[Opening Data for processing section]

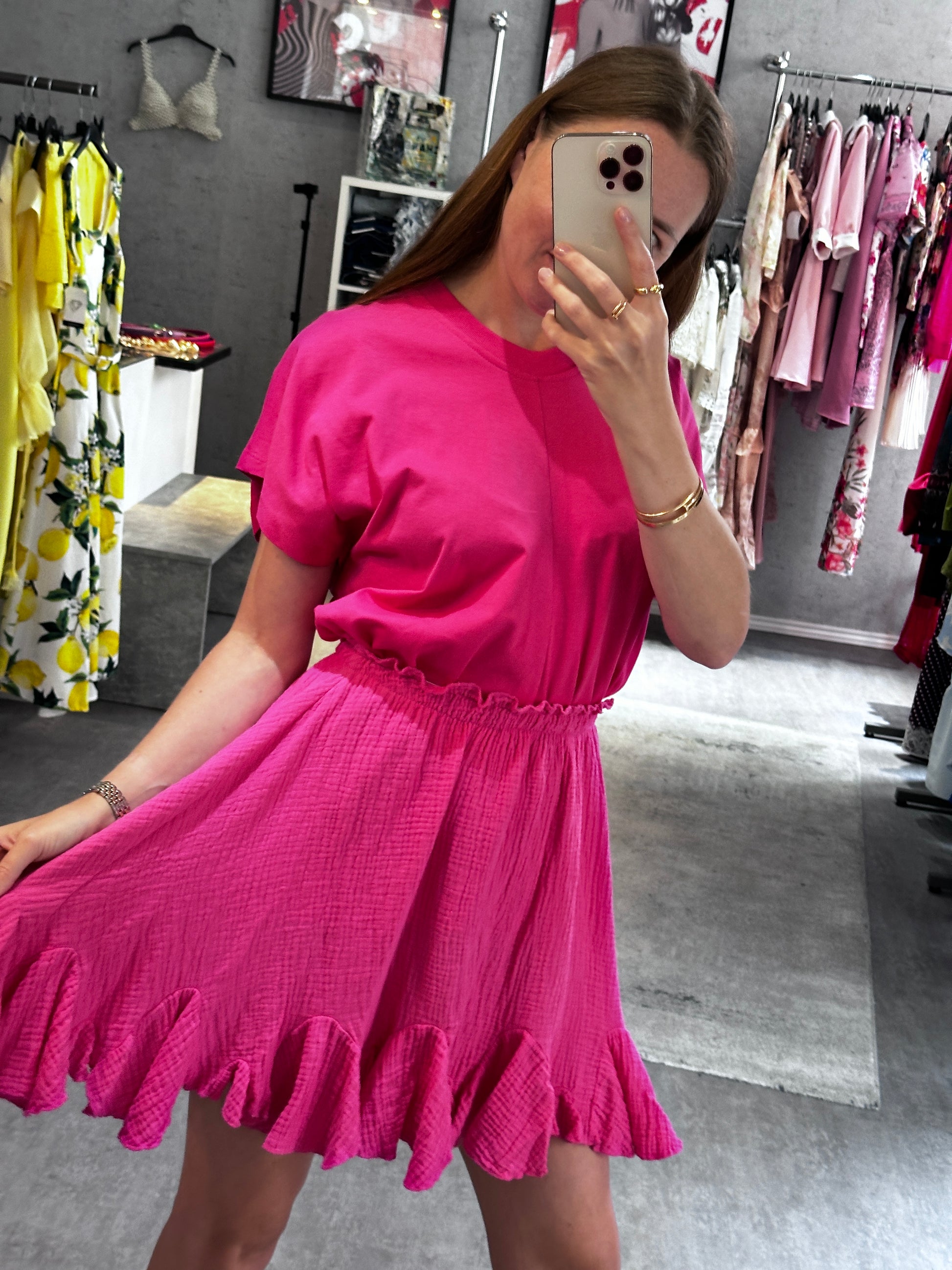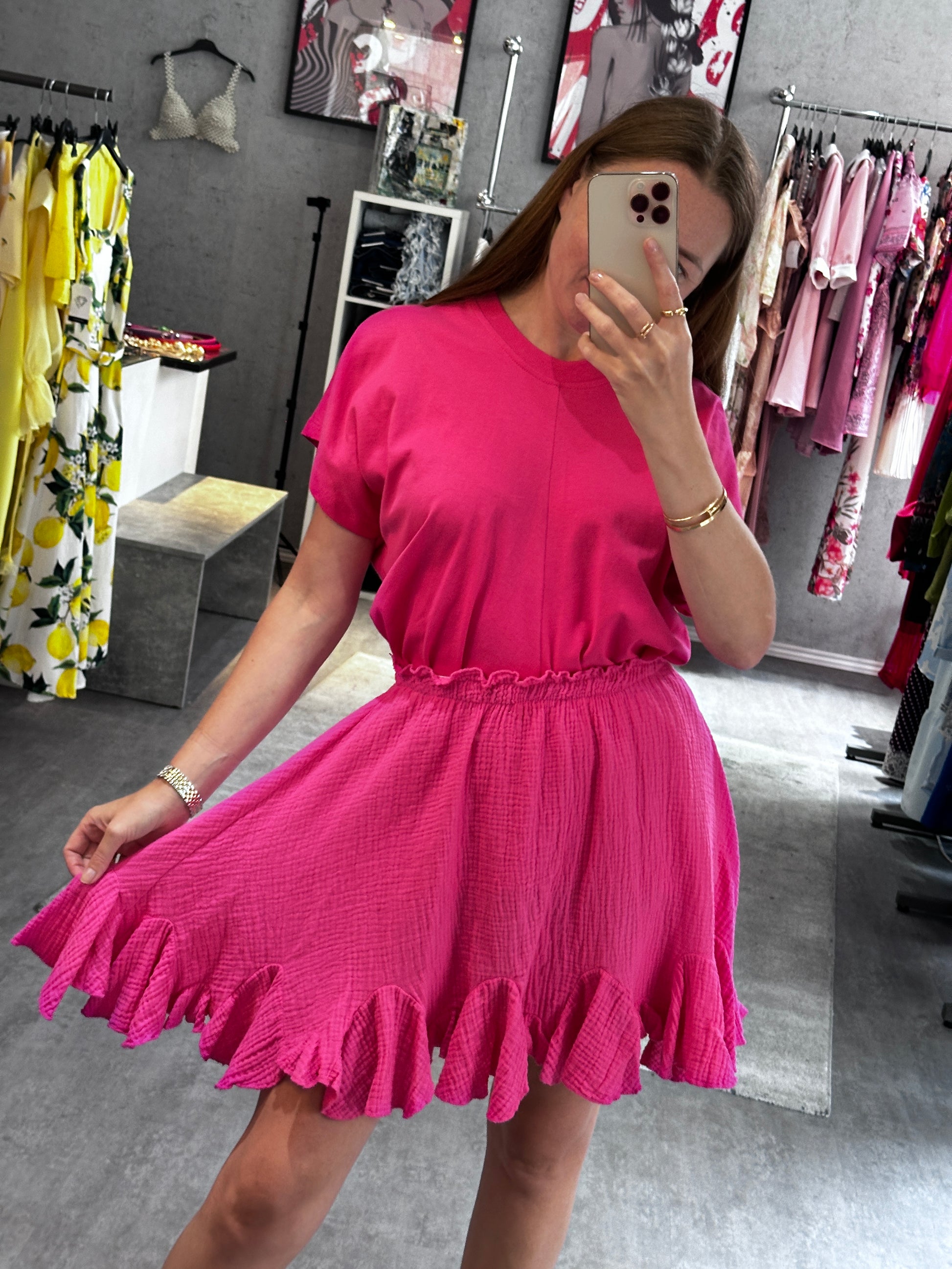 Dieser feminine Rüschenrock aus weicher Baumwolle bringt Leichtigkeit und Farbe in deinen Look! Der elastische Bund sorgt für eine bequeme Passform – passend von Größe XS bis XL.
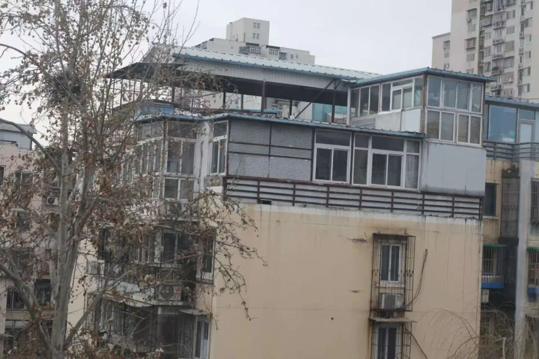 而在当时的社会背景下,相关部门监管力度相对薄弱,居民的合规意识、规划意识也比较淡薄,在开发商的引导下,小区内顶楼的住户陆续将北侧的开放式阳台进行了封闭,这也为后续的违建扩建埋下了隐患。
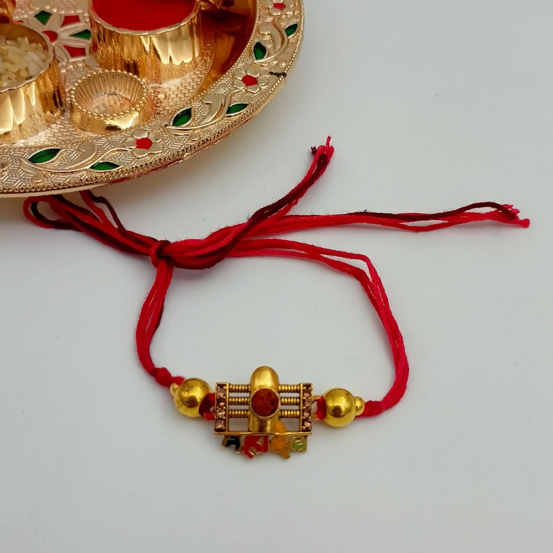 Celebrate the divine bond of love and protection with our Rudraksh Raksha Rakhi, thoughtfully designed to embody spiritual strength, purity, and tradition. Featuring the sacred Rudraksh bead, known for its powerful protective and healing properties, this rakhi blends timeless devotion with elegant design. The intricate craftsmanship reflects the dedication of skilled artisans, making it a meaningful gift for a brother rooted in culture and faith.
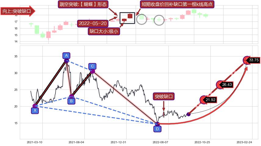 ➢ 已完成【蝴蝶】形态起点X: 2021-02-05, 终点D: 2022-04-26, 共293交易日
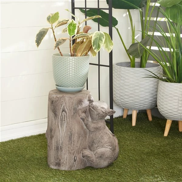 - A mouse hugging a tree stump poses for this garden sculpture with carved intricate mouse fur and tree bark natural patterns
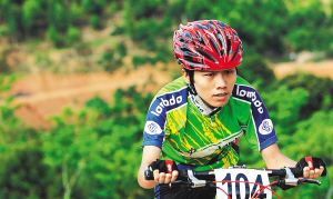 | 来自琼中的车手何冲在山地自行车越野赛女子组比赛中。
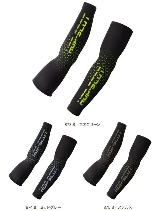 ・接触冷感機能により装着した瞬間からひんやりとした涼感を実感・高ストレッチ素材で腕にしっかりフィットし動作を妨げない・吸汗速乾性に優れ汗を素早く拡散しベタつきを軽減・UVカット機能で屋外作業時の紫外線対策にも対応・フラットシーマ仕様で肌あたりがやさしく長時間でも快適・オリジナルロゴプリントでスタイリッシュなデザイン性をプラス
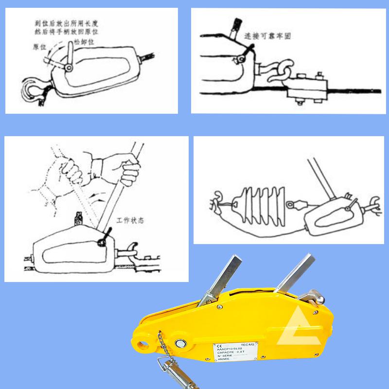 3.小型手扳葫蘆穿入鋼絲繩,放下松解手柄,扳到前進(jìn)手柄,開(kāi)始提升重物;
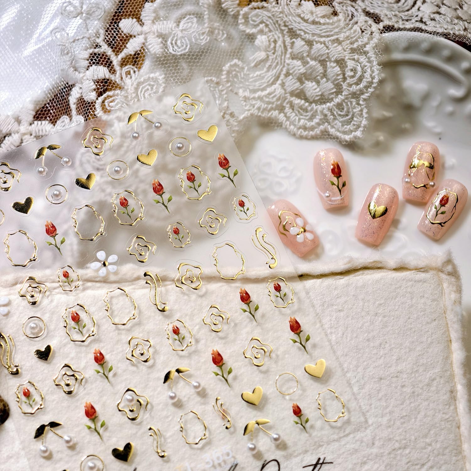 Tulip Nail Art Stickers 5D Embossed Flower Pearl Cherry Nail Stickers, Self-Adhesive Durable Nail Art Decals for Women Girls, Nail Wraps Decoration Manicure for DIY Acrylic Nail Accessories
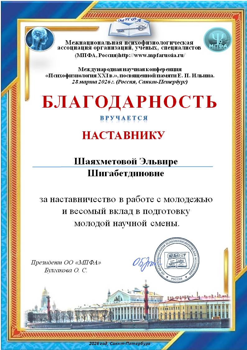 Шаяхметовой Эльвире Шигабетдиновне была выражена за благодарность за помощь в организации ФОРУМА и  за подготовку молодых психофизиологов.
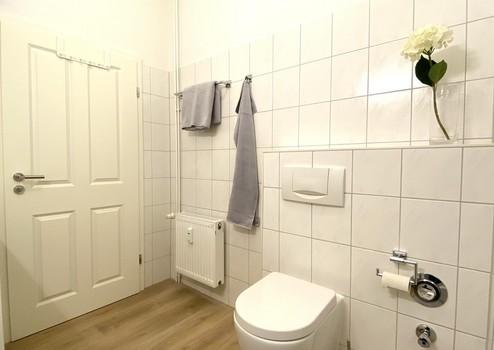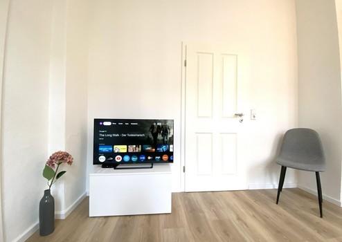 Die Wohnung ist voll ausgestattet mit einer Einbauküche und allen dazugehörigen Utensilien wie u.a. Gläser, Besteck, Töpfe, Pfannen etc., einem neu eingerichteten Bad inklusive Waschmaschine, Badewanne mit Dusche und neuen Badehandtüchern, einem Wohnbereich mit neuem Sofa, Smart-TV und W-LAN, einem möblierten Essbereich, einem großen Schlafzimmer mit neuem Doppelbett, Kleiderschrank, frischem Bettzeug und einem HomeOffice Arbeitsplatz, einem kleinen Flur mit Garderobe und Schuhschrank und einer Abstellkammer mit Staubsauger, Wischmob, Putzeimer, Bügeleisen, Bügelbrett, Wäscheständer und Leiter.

[Closing Data for processing section]

- [Aim of the exercise]
Return only the lines running from the top of the data to the line that holds "而在当时的社会背景下,相关部". Include both of those lines, but skip the pictures.

- [Result for this task]
 Dieser feminine Rüschenrock aus weicher Baumwolle bringt Leichtigkeit und Farbe in deinen Look! Der elastische Bund sorgt für eine bequeme Passform – passend von Größe XS bis XL.
 而在当时的社会背景下,相关部门监管力度相对薄弱,居民的合规意识、规划意识也比较淡薄,在开发商的引导下,小区内顶楼的住户陆续将北侧的开放式阳台进行了封闭,这也为后续的违建扩建埋下了隐患。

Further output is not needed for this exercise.